A recommendation from a friend here says to try pumping while you take a hot shower. She found that the hot water made her lactate a little anyways and she produced way more with the hot water help.
What Mouse said.
it takes about 2 months for the milk to regulate. Those first two months are hard. I'm proud of you for keeping on trying. Having said that, I think it's not so bad to give yourself a break once in a while. I used to have a pack of the powdered formula so I could whip up a bottle once in a while. Once your milk regulates, it's hard to leave a feeding out, just because you get so full.... but it's definetly an option.

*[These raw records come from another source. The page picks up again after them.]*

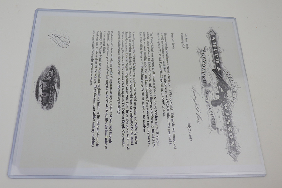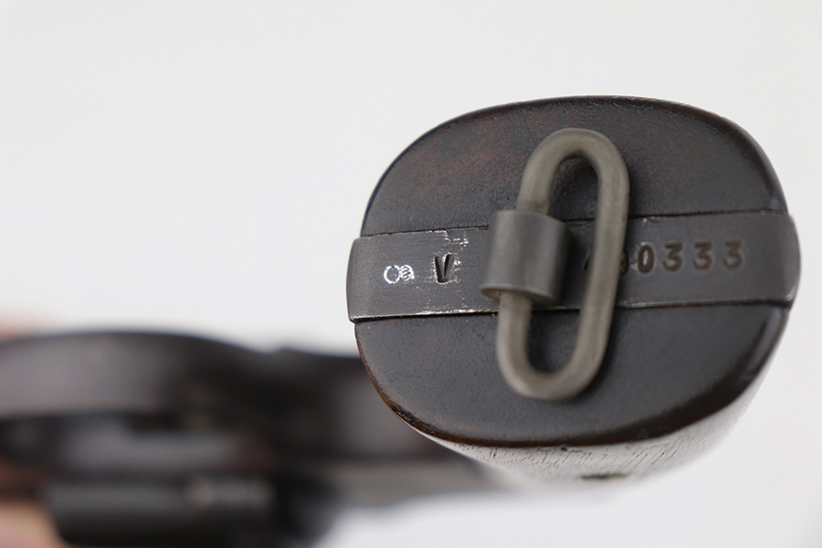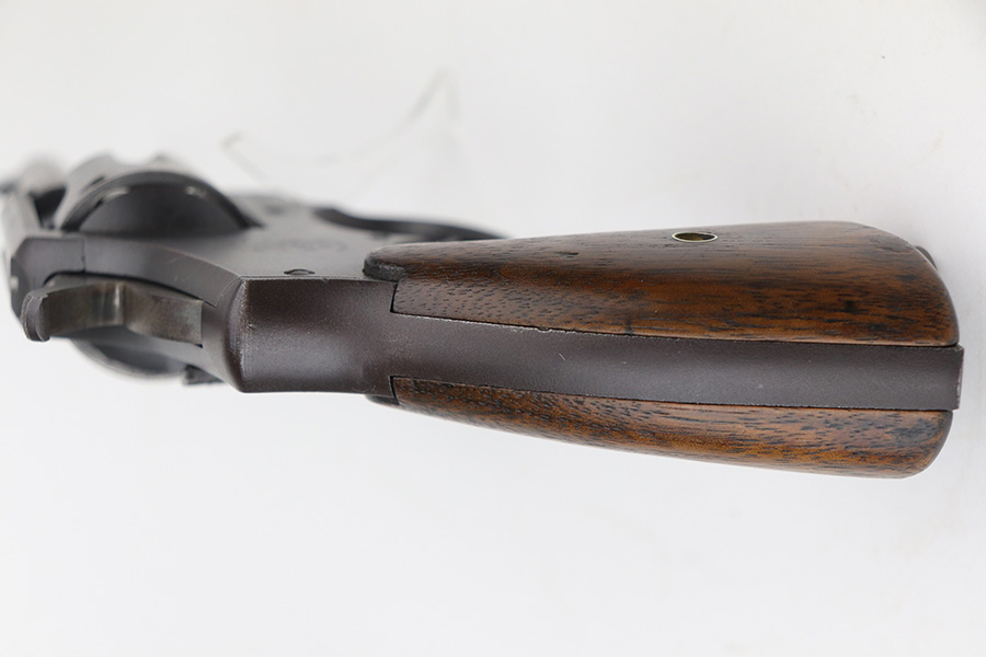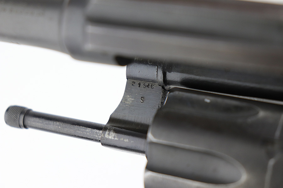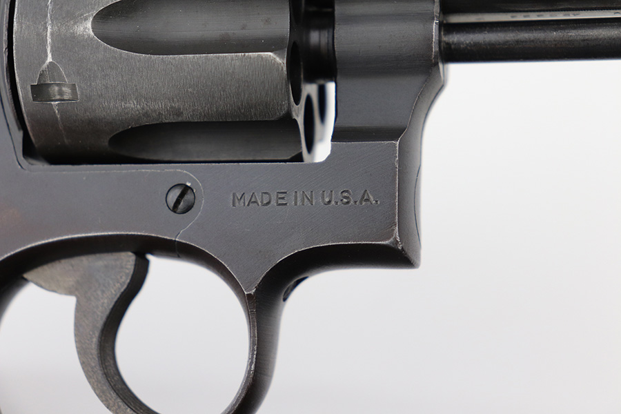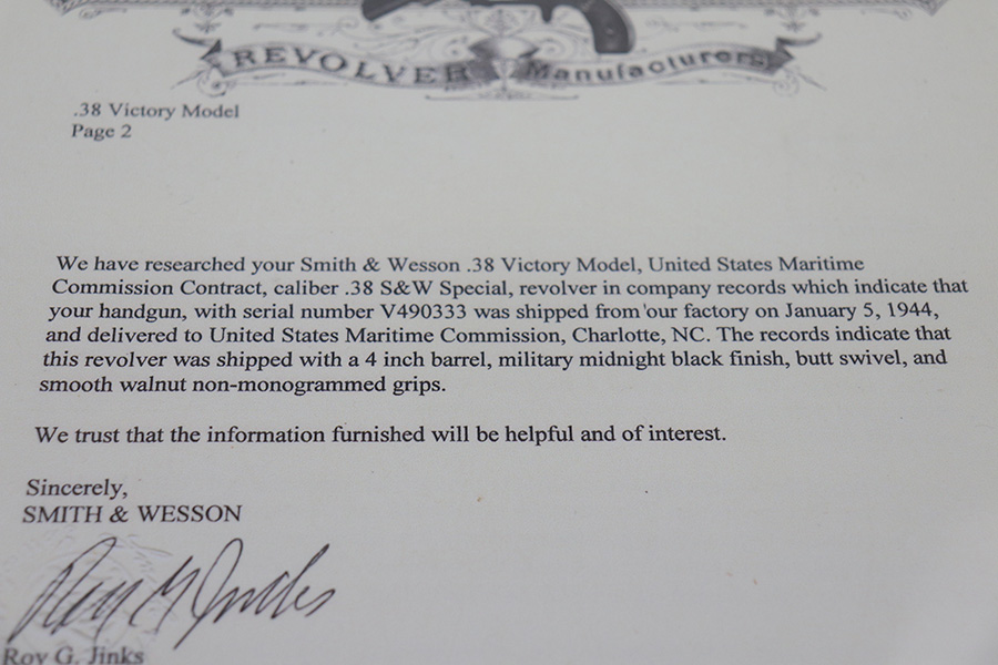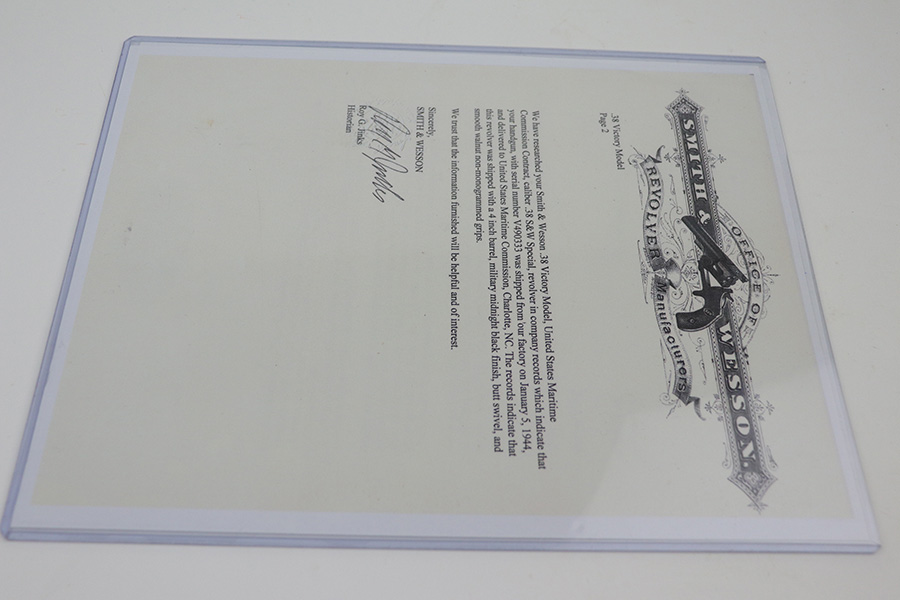 10/15/21 – This is an excellent example of a Smith & Wesson Victory revolver from World War II. It’s accompanied by a factory letter stating it was shipped to Charlotte in January of 1944 as part of a United States Maritime Commission contract order. It’s all matching and original with 96-97% of the parkerized finish remaining. Standard cylinder wear from turn marks and a little more on the muzzle and high edges. The grips are original to the gun and the right panel is correctly numbered and matching to the firearm. Left grip panel does have a repaired crack in it. Flaming bomb and ‘P’ inspection proofs on frame. Minty bore.
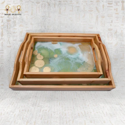 كل قطعة من هذه الصينية تُصنع بشكل فردي، مما يجعل كل واحدة منها فريدة من نوعها. تَوزيع الألوان ولمعان الرّيزن يخلق بصمة فنية خاصة في كل تصميم. أما الإطار الخشبي، فيضيف إحساسًا بالدفء والفخامة، ويوازن بين متانة الخامة ونعومة التفاصيل.
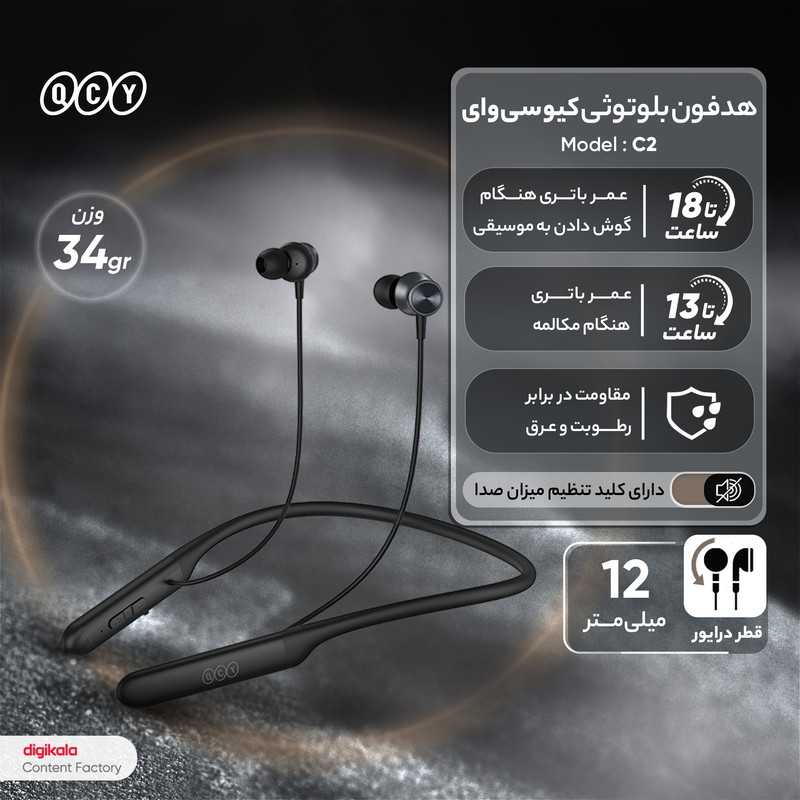 متاسفانه این کالا در حال حاضر موجود نیست. میتوانید از طریق لیست بالای صفحه، از محصولات مشابه این کالا دیدن نمایید.هندزفری گردنی یک انتخاب جذاب برای کسانی است که میخواهند هندزفری بلوتوثی و بیسیم داشته باشند و در عین حال به دنبال یک گزینه قابل اطمینان میگردند که به راحتی از گوش نیفتد و گم نشود. هدفون بلوتوثی کیو سی وای مدل C2 یکی از مدلهای هندزفری گردنی باکیفیت است که با خیال راحت میتوانید روی آن حساب کنید. این هندزفری با این که قیمت معقول و مناسبی دارد، از ویژگیهای فنی خوبی هم بهره میبرد که ارزش خرید بالایی به آن داده است. به لطف بلوتوث 5.2 خیلی سریع و بدون تاخیر میتوانید به آن وصل شوید و از ویژگیهای آن بهره ببرید. بدنه با مقاومت در برابر تعریق و رطوبت در کنار سریهای مگنتی و ساخت باکیفیت خیال شما را از هر نظر راحت میکند و برای شنیدن موسیقی با وضوح بالا و مکالمه شفاف و بدون نویز هم میتوانید روی آن حساب باز کنید.
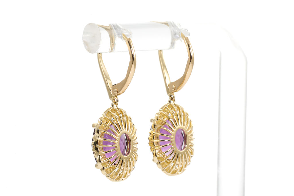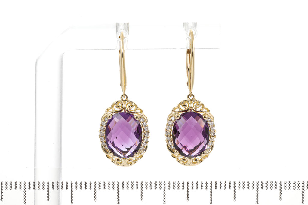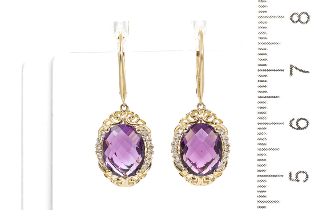 Amethyst and Diamond lever back earring with oval shape, checkerboard cut Amethysts totalling 5.49cts and Diamonds totalling 0.15cts. 14ct yellow gold. Weight: 4.3g. (New)
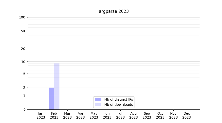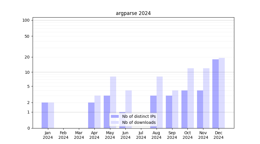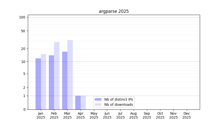 Number of downloads for workflow package argparse, year by year, from 2025 back to 2015 (years with no downloads are omitted):
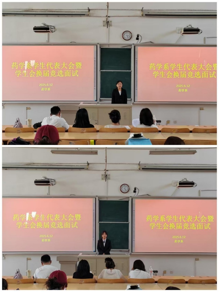 6月12日下午,药学系学生代表大会暨学生会换届竞选在2406教室举行,团总支书记、各班辅导员、学生代表及全体学生会成员出席。
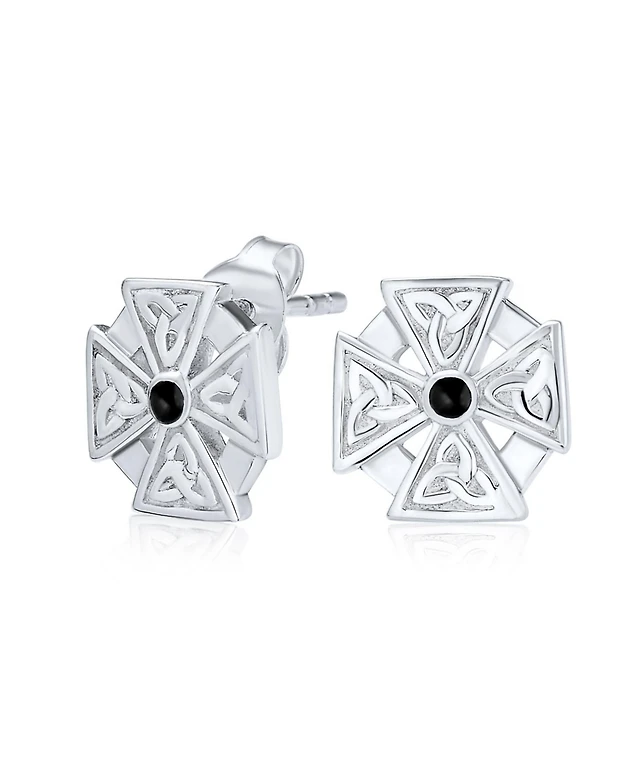 Bling Jewelry Masonic Knight Templar Cross Stud Earrings with Onyx in Sterling Silver

My best advice to all new mom, is do what feels best for you and baby! If you feel that you need some time away during the day, take a feeding out, and let Chris feed Gwen formula while you take a nap, he's probably really excited to see her when he gets home from work, and will want to spend some time with her.
And yes, I used to get into a hot tub... and I could squirt right to the other side of the tub!!! I'm super lactator! (I need a cape!)
I have no advice to give, but lots of encouragement. You're doing all the right things, and you're probably right that the sleep deprivation is what's making it hard to cope with a tough situation.
It's easy to expect that something's going to be hard, but we always picture that we'll be bravely soldiering through - realistically, it's easy to feel discouraged and frustrated, no matter how much you know you're going to get through it.
And you will! I think calling the lactation consultant in is a great idea, and I do think Gwen will get the hang of the breastfeeding thing eventually, especially because you are persisting and trying really hard to make it work.
Hang in there!
I also have no advice but things that Mouse say seem very sensible. Of course whatever you choose to do nobody that actually knows you will judge you AT ALL. Quite the opposite in fact, everyone who knows you will support whatever decision you make because only you really know what is best for Gwen.
With Callum it took 3-4 months and right now I'm astonished I lasted that long. Most people say 6 weeks, but for folks like us (where breastfeeding is downright PAINFUL, it seems to be at least 3 months).
I was also forced to supplement with Callum and with Claire I don't have to supplement, but I don't get to be "baby-free" ever and mentally? That's hard. I want to be the Mommy who just loves to be with her baby 24/7 and its sad to me that I'm not. But I'm not. I want a massage, too dammit!
We still haven't given Claire formula (Steve didn't do it that day!). And everyday I'm asking myself why don't I? Am I martyr? I don't know the answer, I think I'm waiting for 3 months...
I sort of cheat with the pump. I pump an hour or hour and a half after a feed and then I get more than a drop. I don't get an ounce, but at least I can "see" the milk in the bottle so I feel all "GO GIRL". That might help the psychie? Of course, I'm feeding it back to her within the day usually, but hey, it felt good. And sometimes, I can save it for a whole day before I feed it back to her!
I totally, TOTALLY relate. Give me a call if you need a sounding board!